Upload your source data as partitioned parquet files to S3. Each table should be in its own subdirectory under a `source/parquet/` path (filename doesn't matter):

```text
s3://paradedb-ci-benchmark/datasets/{dataset-name}/source/parquet/
├── {table_a}/
│   ├── part-0001.parquet
│   ├── part-0002.parquet
│   └── ...
├── {table_b}/
│   └── ...
└── {table_c}/
    └── ...
```

For example, for the Stack Overflow dataset:

```text
s3://paradedb-ci-benchmark/datasets/stackoverflow/source/parquet/
├── stackoverflow_posts/
├── comments/
└── users/
```

## Step 2: Create a Config and Sample

### Writing the Config

Create a TOML config file at `datasets/{dataset-name}/config.toml` that describes your table relationships.
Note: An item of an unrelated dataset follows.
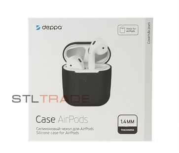 - Силиконовый чехол для AirPods, черный, Deppa по выгодной цене 350 р. руб.;

The config specifies which table is the root (the one that gets sampled directly) and how child tables relate to it via joins.

```toml
root_table = "root_table_name"
sampling_seed = 723               # Fixed seed for deterministic results

[[tables]]
name = "root_table_name"

[[tables]]
name = "child_table"
parent = "root_table_name"
parent_join_col = "id"            # Column in the parent table
join_col = "parent_id"            # Corresponding column in the child table
```

Fields:

- `root_table` -- The primary table. The `--rows` argument controls how many rows are sampled from this table.
- `sampling_seed` -- Seed for deterministic, reproducible sampling.
- `[[tables]]` -- One entry per table. The root table has no `parent`. Child tables specify `parent`, `parent_join_col`, and `join_col` to define the relationship.

Child tables are not sampled independently. Instead, they are filtered via an inner join with their parent table, so only rows that reference a sampled parent row are kept. This preserves referential integrity across the dataset.

Tables can form a hierarchy (a child can be a parent of another table). They are processed in topological order.

See `datasets/stackoverflow/config.toml` for a real example.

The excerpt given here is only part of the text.